The refinery has also committed to implementing changes required by the California Division of Occupational Safety and Health in response to the 2012 fire before it begins the new project.

The new EIR also contains an alternative plan in which the refinery would still process higher-sulfur crude oil and gas oil, but the city would reduce the amount of sulfur allowed. This alternative would also bar Chevron from increasing greenhouse gas emissions for its Richmond refinery operations. However, the provision would not apply to the production of hydrogen for sale to other refineries (hydrogen production for sale is part of the plan for the new higher-capacity hydrogen unit). The alternative plan states that Chevron would be able to fully offset the remaining increase in greenhouse gas emissions by buying cap-and-trade credits.

Karras said some of the changes in the new EIR are positive but that they are not enough to protect the community's health and safety or the global climate. He pointed out that higher-sulfur crude oil and gas oil still increase the risk of accidents when newer, safer equipment is being installed in only a fraction of the plant. Gas oil, for example, will not be processed through the new, modernized crude unit, but through equipment that is decades old and vulnerable to leaks that could cause fires and explosions.

The Richmond Environmental Justice Coalition wants the city to put additional requirements on Chevron before approving the EIR. Coalition members want the city to require Chevron to reduce its smog-forming and toxic emissions to current permit levels before starting the new project. And they want Chevron to replace all old, vulnerable pipes, not just those in the crude unit, and to respond to future leaks by replacing the leaking pipe, not just putting a clamp on it, as the company has done in the past.

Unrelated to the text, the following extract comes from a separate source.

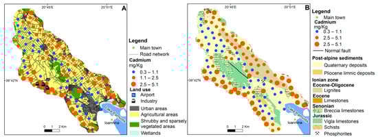 Graduated symbol plots of Cd content in soil of Ioannina plain concerning land uses (A) and geology (B).
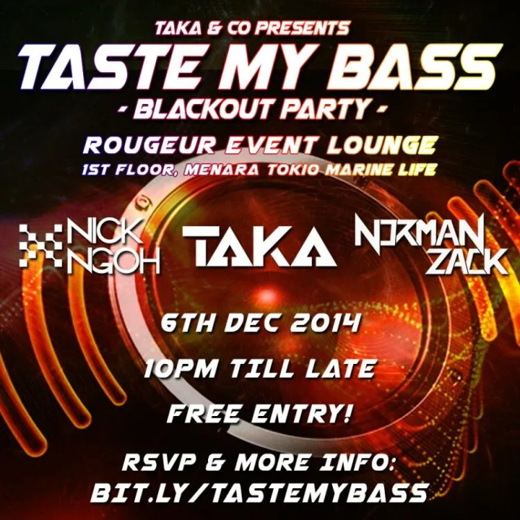 Featuring a night filled with only the best EDM music by taKa, Norman Zack and Nick Ngoh, “Taste My Bass” is happening on December 6th at Rougeur, Kuala Lumpur.

The coalition also is pushing for changes in the plans for dealing with the increase in greenhouse gas emissions. The coalition wants Chevron to do everything possible to limit greenhouse gas emissions in the refinery itself before it turns to the state's cap-and-trade system to offset these emissions. After that, Chevron would focus on offsetting its greenhouse gas emissions locally by funding a Clean Energy Jobs Program designed by the community that would include projects to increase conservation and energy efficiency; support increased use of bicycles, public transportation, and other alternatives to cars; generate clean energy locally with solar energy projects; and more.

"We want this to be the cleanest, safest refinery possible," Karras concluded. "Chevron can afford it."